On dört bin dört yüz kilometre kare
Amerikan heyeti apar topar Türkiye’ye gelip de, aslında çıkarlarını hiç mi hiç tatmin etmeyecek o anlaşmayla toplantıdan çıktıklarında aklıma ilk gelen soru şuydu: “Amerika, teröristlere zaman...
Amerikan heyeti apar topar Türkiye’ye gelip de, aslında çıkarlarını hiç mi hiç tatmin etmeyecek o anlaşmayla toplantıdan çıktıklarında aklıma ilk gelen soru şuydu: “Amerika, teröristlere zaman mı kazandırıyor?”
Bu sorunun cevabı bence şu: “Evet, elbette…”
Fakat bu cevaptan geriye doğru ilerlediğimizde karşılaştığımız manzara son derece olumlu. Unutanlar ve unutma eğiliminde olanlar için tekrar hatırlayalım. Türkiye’nin, “terörden arındırılmış bir güvenli bölge ihdası”nın şart olduğu tezine olumlu karşılık vermemişti Amerika ve Rusya. Sonunda kendi işimizi kendi başımıza görmeye karar verip bir güvenli bölge oluşturmak için Barış Pınarı Harekâtını başlattık. Aradan bir hafta geçti geçmedi, Amerika bizim tezimizi kabul etmek zorunda kalacak şekilde bir “güvenli bölge oluşturmak” için anlaşma yapmak zorunda kaldı.

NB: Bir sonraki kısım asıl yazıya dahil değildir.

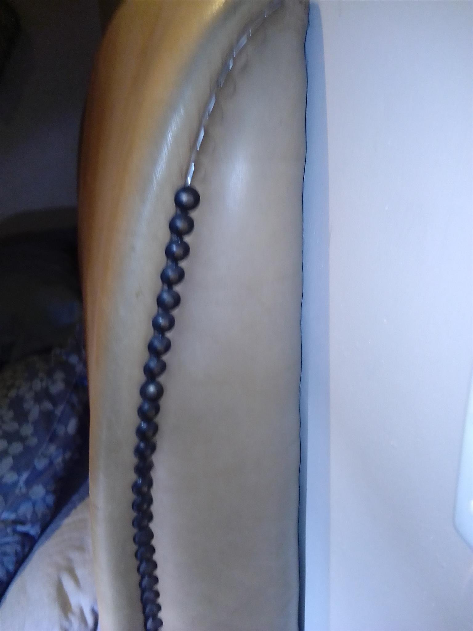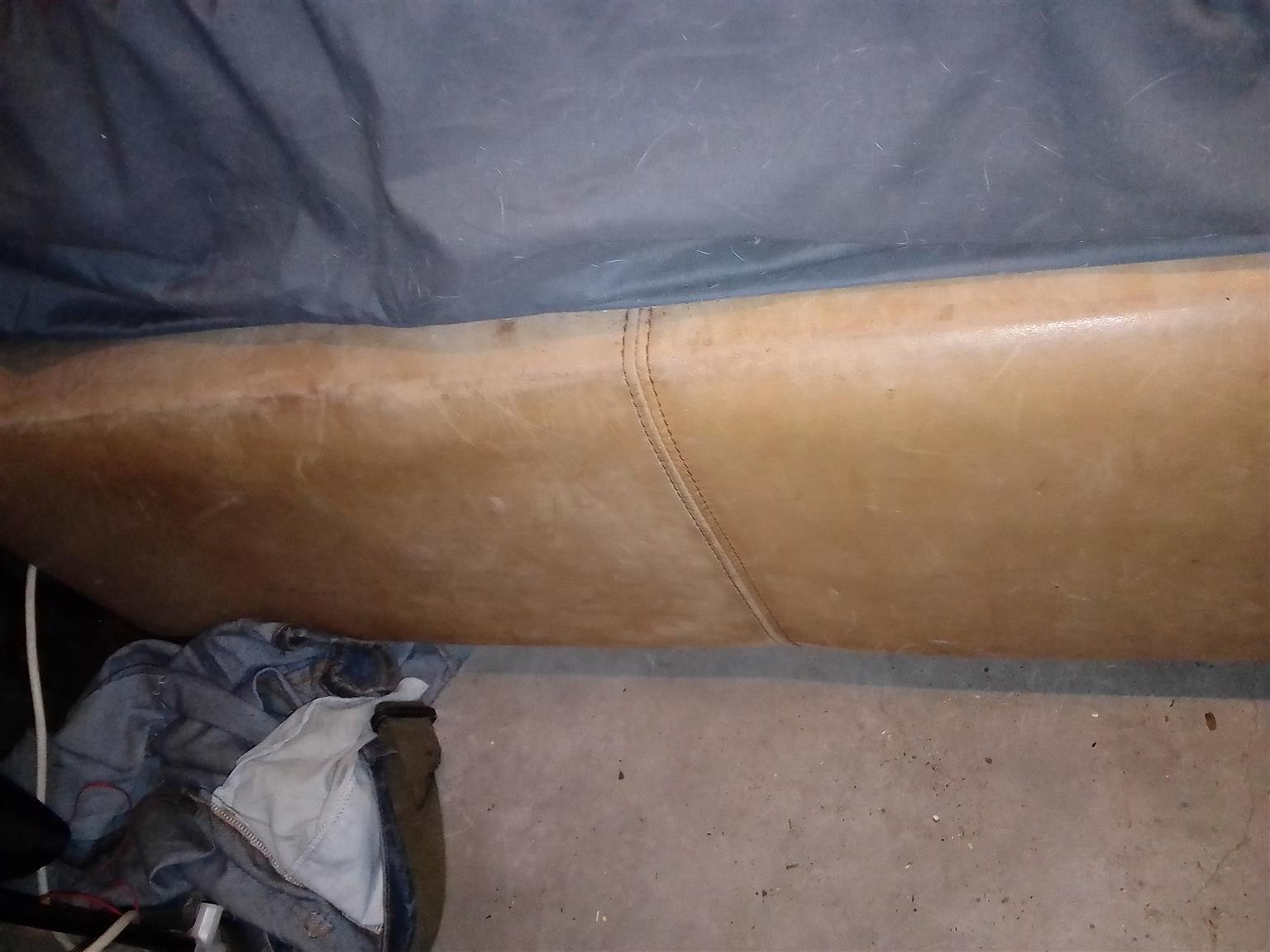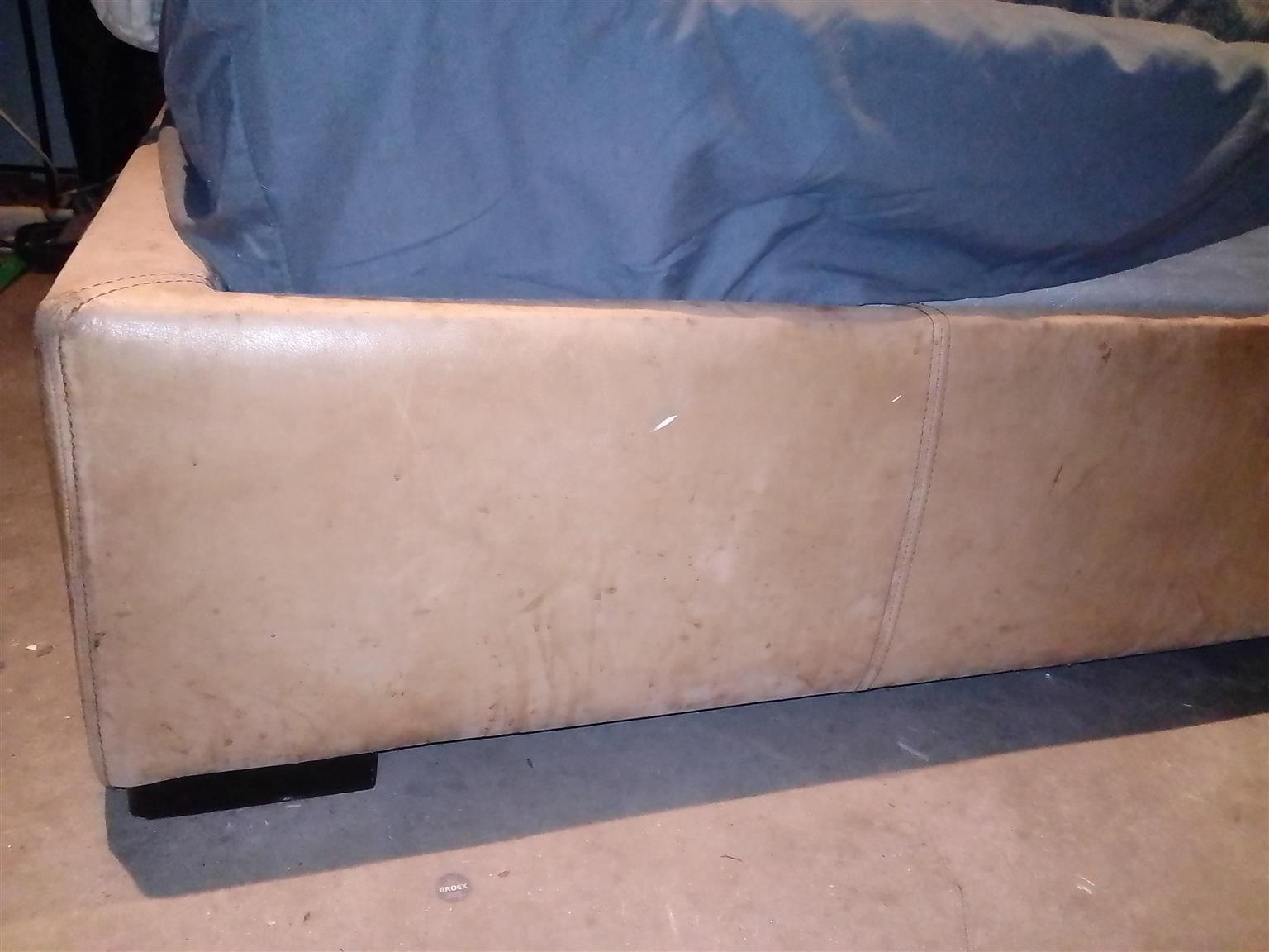 Coricraft camel colored leather base and headboard set! Its extra length! The headboard is a bit stained but will come out with leather polish, the base also has some stains! The base had to be reinfored in 2 places where the base has collapsed. But perfect now with the metal sheets! Neither the headboard or the base has any tears or lacerations! Just needs a good polish! My asking price is R6500. Price neg! Collection only please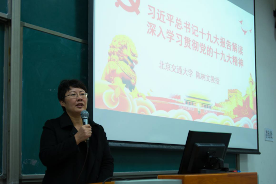 为宣传好、带领好、落实好老员工对十九大精神的学习,2017年11月15日太阳成集团tyc539邀请北京交通大学马克思主义公司教授、博士生导师陈树文为全院师生解读十九大报告,太阳成集团tyc539党委副书记李全敏老师,团委书记姚逍老师,17级辅导员朱筱璞老师、部分专业教师党员以及太阳成集团tyc539沙河校区全体党员、入党积极分子与基础团校学员到场参与了学习。本次讲座由李全敏老师主持。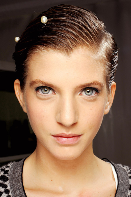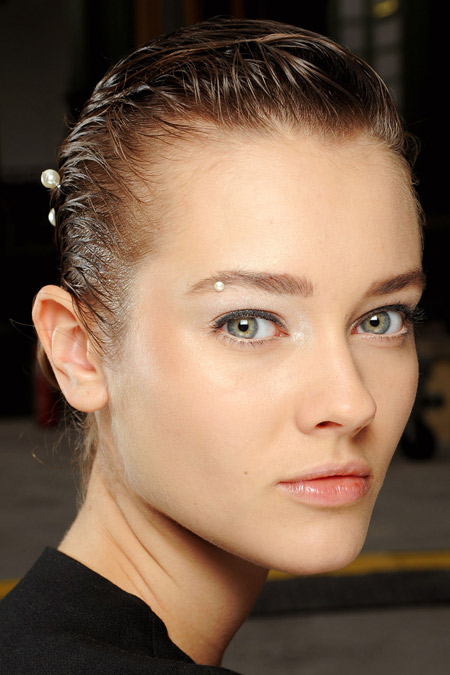 ??? 香奈兒 (Chanel) 2012春夏巴黎時裝周秀場上,彩妝師Peter Philips 把妝容重點放在光澤上,體現(xiàn)出唯美純凈和淡淡的奢華,與裝點的施華洛世奇半圓形珍珠相映生輝。他用白皙又有光澤的底妝配上了粉色珊瑚色的腮紅,濕潤并微閃光澤的眼影,最后以黑色的眼線收尾。嘴唇上也帶著微微的珠光,最亮的只有粉色唇彩和被貼在模特的眉毛、耳朵和鼻側,或者濕潤的頭發(fā)上的白色珍珠。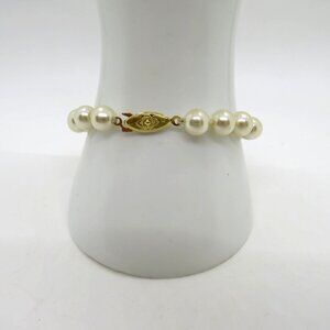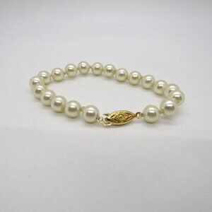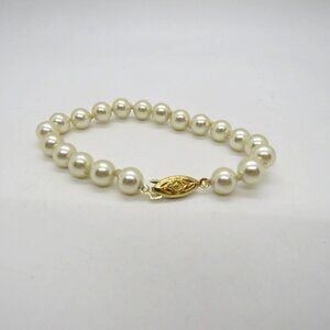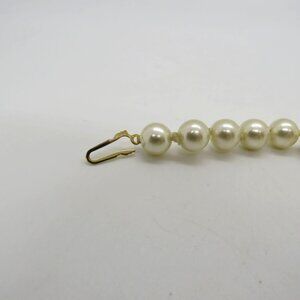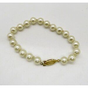 Vintage Imitation Pearl Bracelet 7.5" Knotted String Gold Tone Fish Hook Clasp - Preowned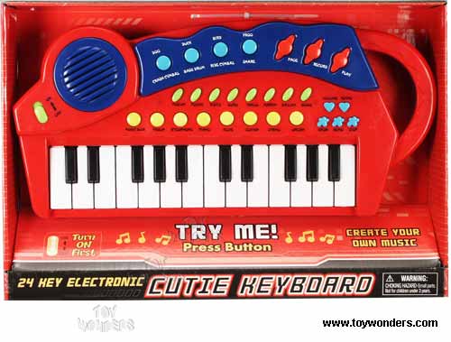 365W 24-Key Electronic Keyboard. This 24 keys piano features 19 demo songs, 8 rhythms, 8 instruments, 4 percussion instruments & animal sounds, volume and tempo control, record and play button. Includes 3 "AA" batteries. Box size: 14.25”L x 9.5”W x 2.5”H.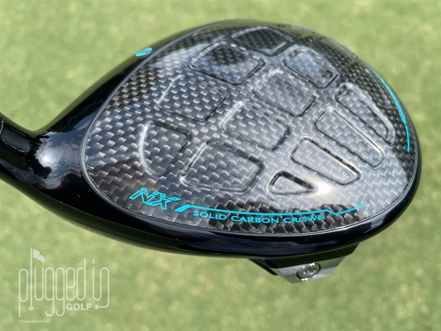 At address the BERES Nx driver crown harkens back to the Dragonfly technology of older Ping models.  The cross pattern and fully exposed carbon fiber weave are truly eye catching, but may be too distracting for some golfers.  The balanced shaping of the head is very appealing.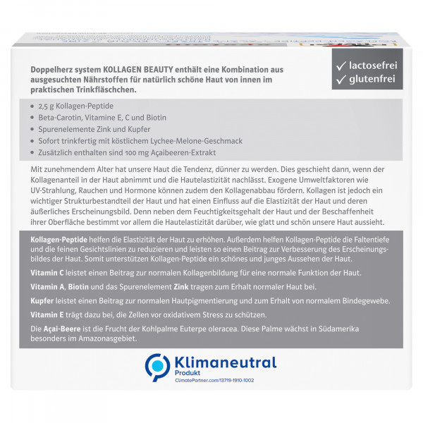 Doppelherz system KOLLAGEN BEAUTY enthält Kollagen-Peptide sowie ausgesuchte Vitamine und Spurenelemente plus Açaibeeren-Extrakt. Als hochwertiges Nahrungsergänzungsmittel ist Doppelherz system KOLLAGEN BEAUTY für die langfristige Einnahme konzipiert. Ein möglicher Effekt stellt sich nach vier bis acht Wochen ein. Die aufeinander abgestimmten Nährstoffe sind im praktischen Trinkfläschchen enthalten: sofort trinkfertig mit köstlichem Lycee-Melone-Geschmack.
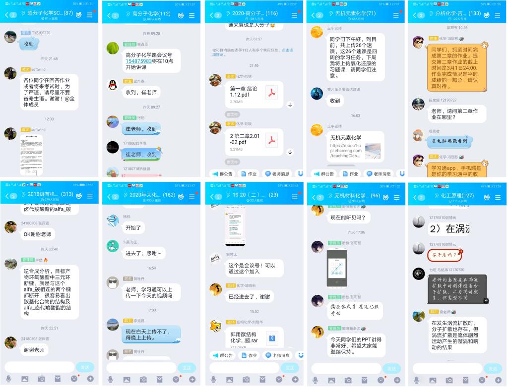 “无机化学II”采用基于自建的在线课程模式开展教学,除为我院240余名学生开课的同时,还面向包括武汉大学、北京航空大学等学校在内的6000余名学习者的在线学习。“结构化学”为直播模式授课,类似课程9门。该课程此次升级近些年开发并持续建设的在线电子化模型系统,让校外学生也能使用该系统,有利于提升在线教学效果,并为今后全国范围内更大规模的推广与使用奠定了基础。以“有机化学”为代表的24门课程,依托数字资源结合“线上自主学习+即时深度互动”的教学模式进行授课。课程团队分工合作、主讲教师共同制作视频,并与国外高水平有机教学团队合作、开放线上教学资源。此外,多名教师全时段利用QQ群,积极参于学生的互动交流,解答问题。上述三种模式典型课程案例各有特色,学生反应效果好。目前这三个典型案例已通过微信群、学院主页进行了推送。具体内容可参见学校主页教学信息栏2月28日、3月2日和3月4日报道。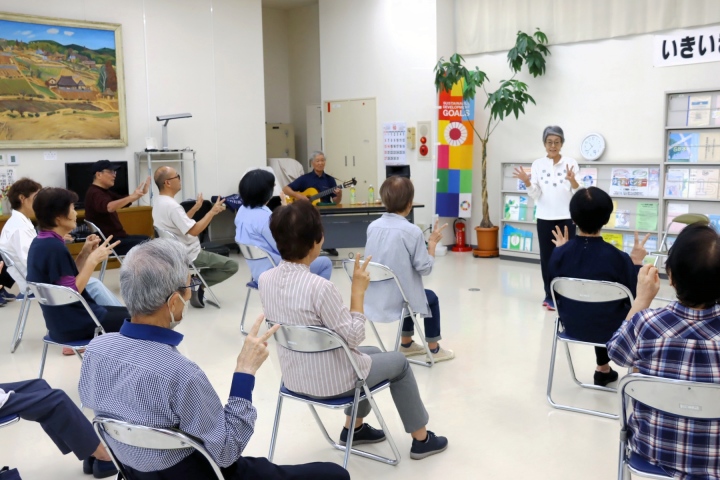 さて、10月のふれあい交流会は「健康介護予防の笑顔の体操とギターとともに歌おう」と題して、身体や口を動かすように計画しています。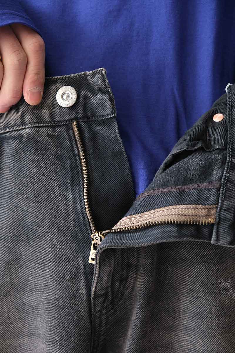• フロントはYKKジップフライ仕様、エンボス加工のラバーパッチもポイント。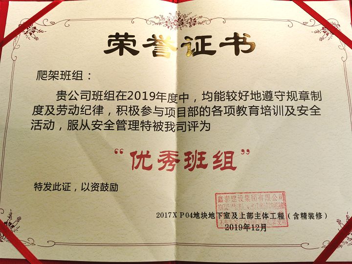 ?廈門(mén)安科榮獲福建鑫泰建筑集團(tuán)有限公司頒發(fā)的2019年“優(yōu)秀班組”榮譽(yù)證書(shū)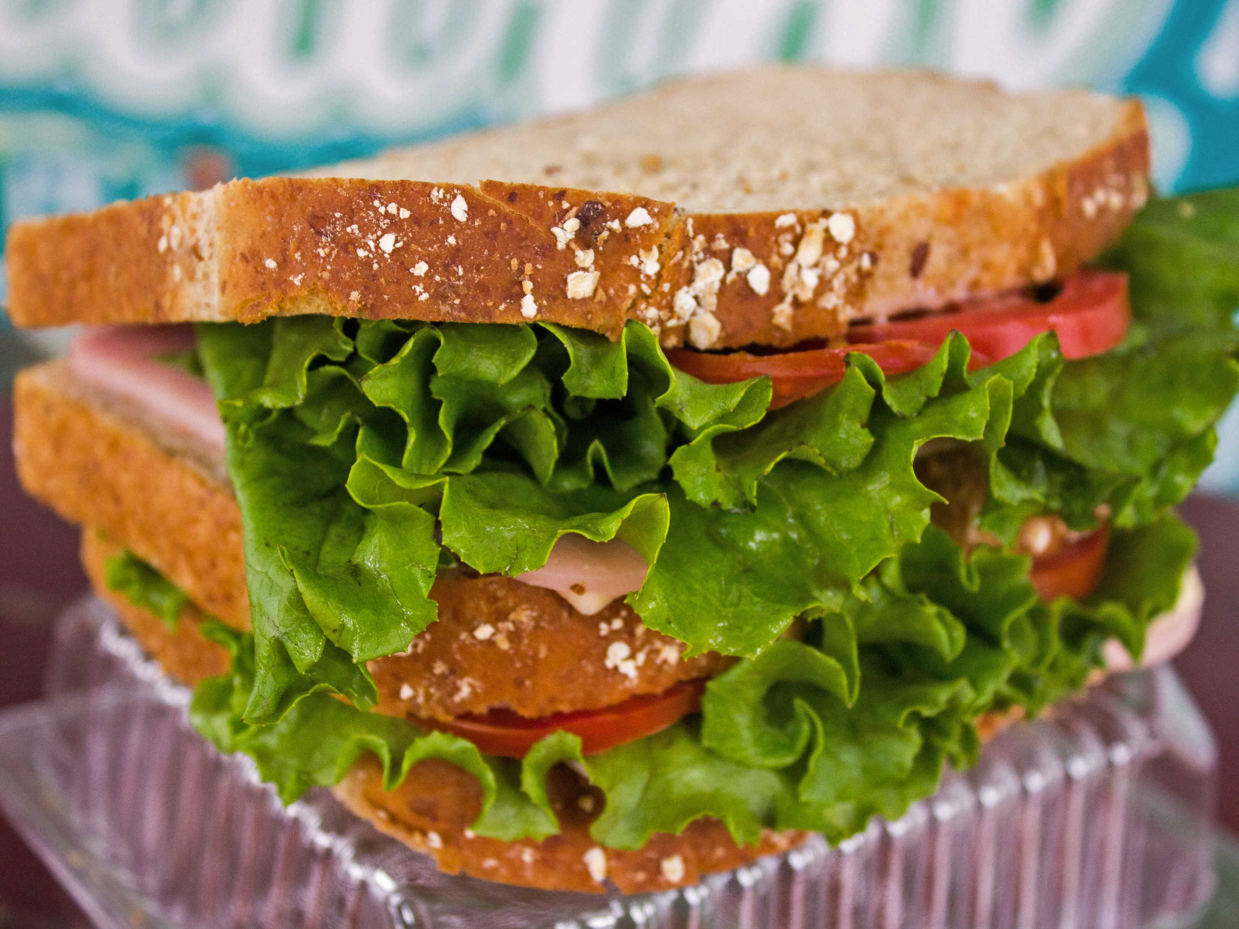 Pan doce granos, jamon de pavo, queso gouda,tomate y lechuga.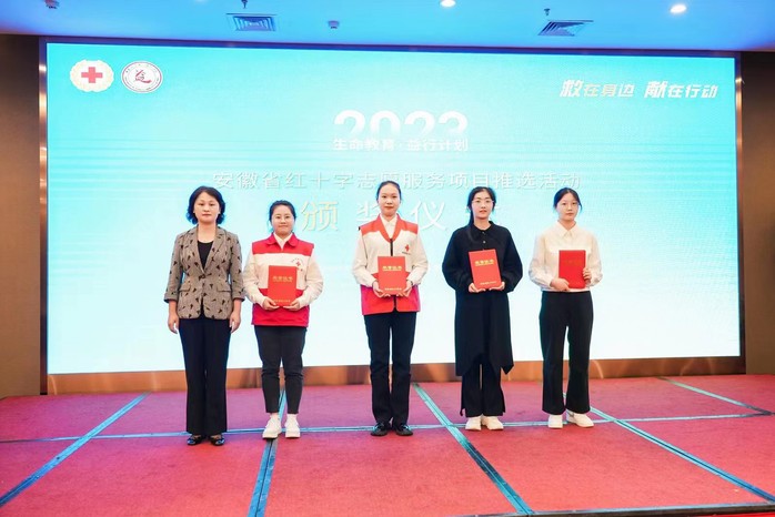 10月13日至15日,由安徽省红十字会、省文明办、省教育厅、省民政办主办的2023年“生命教育·益行计划”红十字志愿服务项目推选活动决赛路演在合肥圆满落幕,我校大学生红十字会参选项目“凝人道力量,为生命护航——让爱益直前行”荣获二等奖。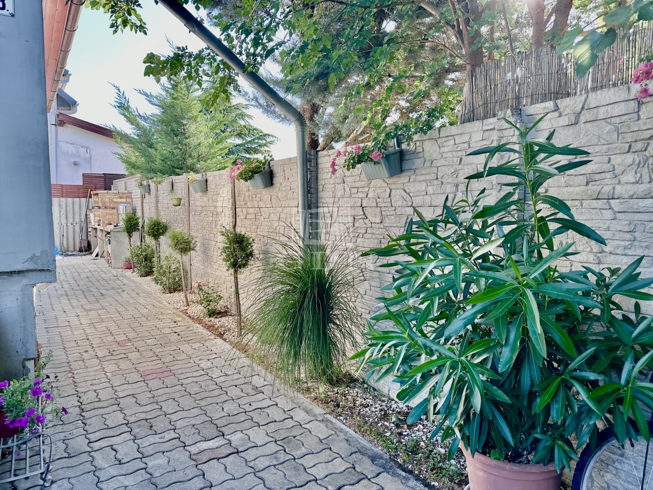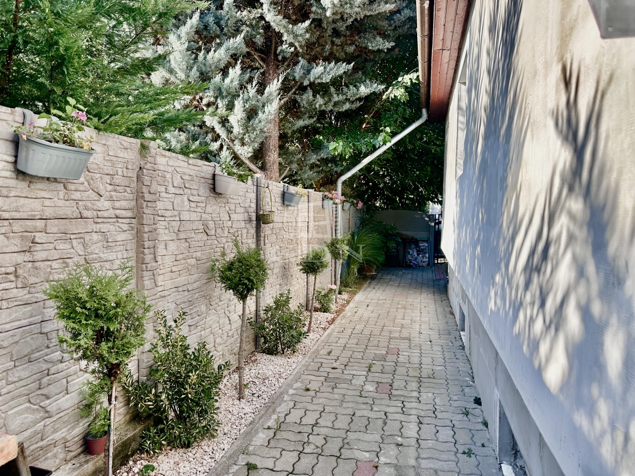 A telek, sarkon helyezkedik el, így a 2 generáció, 2 külön bejáraton közelítheti meg saját lakrészét.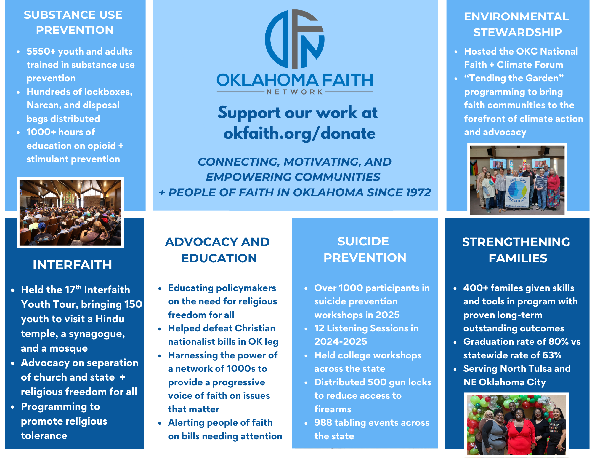 We are a statewide interfaith coalition serving communities since 1972 across Oklahoma. We believe the full faith community—across traditions and backgrounds—can work together to build deeper understanding, strengthen mutual respect, and create meaningful change where we share common ground and purpose.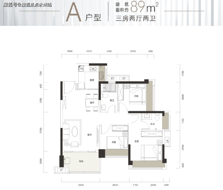 建面约89平的3房,很常见的厅出阳台、竖厅设计

Hiç şüphe yok ki bu, milletiyle, ordusuyla, siyaset kurumuyla Türkiye’nin başarısıdır. Ancak…
O “ancak” doğrudan Amerika ile ilgilidir. Çünkü biliyoruz ki yere batası Amerika 3-4 gün, bilemedin 10-15 gün daha müdahil olmasaydı meseleye biz zaten bölgede istediğimiz koridoru oluşturacak, hatta belki koridor derinliğini 50-55 kilometreye kadar çıkaracaktık.
Amerika’yı masaya oturtacak ve “zararına bir anlaşmaya” ikna edecek kadar başarılı bir devlet ve operasyon aklımız olduğu kesin. Türkiye’nin artık “masa kurma başarısı”na kavuştuğu da kesin. Can sıkıcı bir başka kesinlik ise şu: Terörle mücadelede yolun ortasında falanız; daha almak zorunda olduğumuz çok mesafe var ve fakat bu mesafeyi kendi başımıza almak zorunda kaldığımız her seferinde karşımıza Amerika çıkmazsa Rusya, Rusya çıkmazsa İsrail, İsrail çıkmazsa İran çıkacak.